- Genre: historical drama, soap opera
- Created by: Claude-Henri Grignon
- Written by: Claude-Henri Grignon
- Starring: Jean-Pierre Masson; Andrée Champagne; Yvon Leroux; Gabriel Gascon; Geneviève Bujold; Jean LeClerc; Yves Corbeil; Paul Dupuis; Juliette Béliveau; Élise Lavoie;
- Country of origin: Canada
- No. of episodes: 495

Original release
- Network: Radio-Canada
- Release: October 8, 1956 – June 1, 1970

= Les Belles Histoires des pays d'en haut =

Canadian television drama series

Les Belles Histoires des pays d'en haut (The Beautiful Stories of the Upper Countries) is a French-language Canadian television drama series, which aired on Radio-Canada from October 8, 1956, to June 1, 1970. One of the longest-running programs in the history of Canadian television, the series produced 495 episodes during its 14-year run and was one of the first influential téléromans.

Written by Claude-Henri Grignon as an adaptation of his 1933 novel Un Homme et son péché and initially set in the 1880s, the series starred Jean-Pierre Masson as Séraphin Poudrier, the wealthy but miserly mayor of the village of Sainte-Adèle, Quebec, and Andrée Champagne as Donalda Laloge-Poudrier, the young daughter of a village resident who is given in marriage to Séraphin as payment for a family debt even though she remains in love with her suitor Alexis Labranche (Gabriel Gascon). With a vast ensemble cast of extended family and other villagers, the series also delved much more deeply than the novel into the dramatic interactions of the larger community, depicting the early settlement of Quebec's Laurentides region and evolving from the novel's satirical portrait of Séraphin's moral values into a complex soap opera. Among others, the show's ensemble cast included Yvon Leroux, Geneviève Bujold, Jean LeClerc, Yves Corbeil, Paul Dupuis, Andrée Basilières, Guy L'Écuyer and Juliette Béliveau and Élise Lavoie.

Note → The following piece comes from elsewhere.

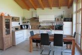 Große helle Zimmer mit schönen Holzdielenböden. Neue Küche mit Geschirrspülmaschine, Backofen, Herd, Dunstabzug, Kühlschrank und Gefrierfach mit großem Esstisch und Stühlen.

Several real historical figures, including Antoine Labelle, Honoré Mercier and Arthur Buies (fr), are depicted in the series.

The series ended production of new episodes in 1970, although it continued to air in daytime repeats on both Radio-Canada and Télé-Québec for many years. Many episodes are currently available on Radio-Canada's video on demand website TOU.TV.

In 2016, Radio-Canada launched a new modernist remake of the series, Les Pays d'en haut.